As winter enters its final weeks, the City of Eugene is nearing the end of its streetlight bulb replacement program that’s shedding a new cost-saving light on City streets.
Crews are replacing nearly 5,000 high pressure sodium (HPS) luminaire on City streetlights with a new light emitting diode (LED) fixture. The new LED lights reduce energy consumption by about 69% and also cut greenhouse gas emissions because they require less energy.
The program is also proving to be cost-effective. The City is saving about $10,000 per month in electricity and maintenance, according to Patrick Cox, Eugene Civil Engineer and project manager. The new LED fixtures are expected to last 20 years, considerably longer than the HPS bulbs they’re replacing. Over the next 20 years, it’s projected the City will save $2.3 million in electricity and $1 million on maintenance when compared to the previous fixtures.
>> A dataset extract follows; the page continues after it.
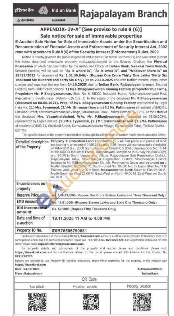 All that piece and parcel of tand measuring to an extent of 1056.22 sq.mt/0.261 acres with constructed a shed size of 16Mx12 M (ie, 2000 Sq Ft.) known as Shed No.9 (Old 6) having Door No. 1/314 in the SIDCO Industrial Estate, Rajapalayam Comprised in Survey No. 590/2D(P) and 2C(P) in South Venganallur Village, Rajapalayam Sub Registration District, Rajapalayam Taluk, Virudhunagar Registration District, Virudhunagar District belongs to Mr. P. Bhagiyaeswaran Sio. Mr. Paramasiva Devar and bounded on: North Shed No.8 (Old No.7), South-Shed No. 10 (Old No. 5) East-Shed No. 11 & Private Land, West-12.00 M Road. Measurements: North-South on East 25.00 м. North-South on West 25.00 M. East-West on North 40.00 M. East-West on South 44.70 M

While the new streetlights may appear brighter, they’re producing less light than their predecessors. The light output from the LEDs, measured in lumens, is less than half what the HPS bulbs produced.
The City-wide installation of the new LED lights is estimated to be 80% complete. The project is expected to be finished by early-April.
The project cost an estimated $1.5 million, however the City will receive more than $660,000 in rebates and tax credits.
There are more than 10,000 streetlights inside the City.